Camada 0: Acerte a base de dados para os agentes

Antes de descrever ou modelar qualquer coisa, os dados subjacentes precisam estar em um formato sobre o qual um agente possa raciocinar. Esta camada trata da base física: tabelas de dados limpas, esquemas sólidos e uma identidade consistente por entidade do mundo real. A modelagem lógica de negócios vem mais tarde, na Camada 2. É fácil pular esta camada, mas custa caro corrigi-la depois, pois nenhuma quantidade de bons metadados ou modelagem semântica pode compensar uma base física corrompida.

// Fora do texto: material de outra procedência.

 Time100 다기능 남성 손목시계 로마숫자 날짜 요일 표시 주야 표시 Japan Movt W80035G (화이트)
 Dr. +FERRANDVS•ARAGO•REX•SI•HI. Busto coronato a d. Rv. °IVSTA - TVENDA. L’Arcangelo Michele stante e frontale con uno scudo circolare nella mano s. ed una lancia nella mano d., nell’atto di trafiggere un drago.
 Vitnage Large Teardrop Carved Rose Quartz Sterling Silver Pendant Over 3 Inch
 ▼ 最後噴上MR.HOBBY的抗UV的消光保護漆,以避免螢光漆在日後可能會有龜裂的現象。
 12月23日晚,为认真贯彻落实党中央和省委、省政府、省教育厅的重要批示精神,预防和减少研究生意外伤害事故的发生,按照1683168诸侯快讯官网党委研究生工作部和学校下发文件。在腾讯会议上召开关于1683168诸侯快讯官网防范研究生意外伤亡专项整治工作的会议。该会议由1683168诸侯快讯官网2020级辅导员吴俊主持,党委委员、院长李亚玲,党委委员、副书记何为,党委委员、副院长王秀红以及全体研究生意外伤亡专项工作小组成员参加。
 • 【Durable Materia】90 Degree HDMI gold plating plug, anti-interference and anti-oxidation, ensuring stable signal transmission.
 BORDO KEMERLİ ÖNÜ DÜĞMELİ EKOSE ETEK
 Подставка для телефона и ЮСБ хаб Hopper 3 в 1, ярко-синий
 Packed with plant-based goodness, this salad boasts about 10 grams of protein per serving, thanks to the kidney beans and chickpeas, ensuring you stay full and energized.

Acertar a base de dados significa focar em duas áreas principais:

  1. Modele a camada gold durável em torno dos processos de negócios. Isso inclui identificar fatos com uma granularidade clara e dimensões conformadas e reutilizáveis. Um star schema ou modelo híbrido oferece uma base confiável de fatos e dimensões sem copiar a lógica de negócios em cada tabela downstream. Isso não significa que os agentes devam raciocinar sobre tabelas dimensionais brutas. A interface que um agente vê pode ser mais estreita, e frequentemente deve ser: uma Metric View ou uma visualização criada especificamente que pré-combina as dimensões comuns para um domínio, expõe apenas os campos que importam, documenta a granularidade e define suas medidas de forma canônica. Você construirá exatamente isso na Camada 2. O objetivo é moldar a superfície de consumo deliberadamente sobre um modelo sólido, em vez de expor o agente a um despejo de dados. Uma tabela larga não é o problema. Uma tabela larga com granularidades mistas, conceitos de negócios duplicados e sem definições de métricas canônicas é um convite a adivinhações.

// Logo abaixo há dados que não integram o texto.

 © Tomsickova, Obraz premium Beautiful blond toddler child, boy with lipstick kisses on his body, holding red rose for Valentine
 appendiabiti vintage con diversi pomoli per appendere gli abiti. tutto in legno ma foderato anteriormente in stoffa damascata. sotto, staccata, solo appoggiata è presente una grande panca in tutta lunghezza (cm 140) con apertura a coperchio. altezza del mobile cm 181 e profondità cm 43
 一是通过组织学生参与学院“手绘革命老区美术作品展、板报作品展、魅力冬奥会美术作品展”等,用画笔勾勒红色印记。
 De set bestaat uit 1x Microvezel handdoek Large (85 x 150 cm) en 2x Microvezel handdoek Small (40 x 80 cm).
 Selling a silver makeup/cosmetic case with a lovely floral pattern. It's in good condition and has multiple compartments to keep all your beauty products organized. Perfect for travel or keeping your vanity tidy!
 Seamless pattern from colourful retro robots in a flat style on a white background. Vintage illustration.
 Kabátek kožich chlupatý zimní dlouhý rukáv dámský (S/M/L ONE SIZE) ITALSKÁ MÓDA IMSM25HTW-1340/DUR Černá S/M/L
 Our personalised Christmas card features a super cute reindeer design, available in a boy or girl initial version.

  2. Resolva entidades em registros golden. Se "cliente" significa contas ativas em Vendas e absolutamente todas as contas no Suporte, o agente não saberá em qual definição confiar. Se o mesmo cliente tiver três IDs diferentes em vários sistemas, ele também poderá ser contado duas vezes. Reconcilie a mesma entidade do mundo real entre as fontes para que um cliente seja, de fato, um cliente.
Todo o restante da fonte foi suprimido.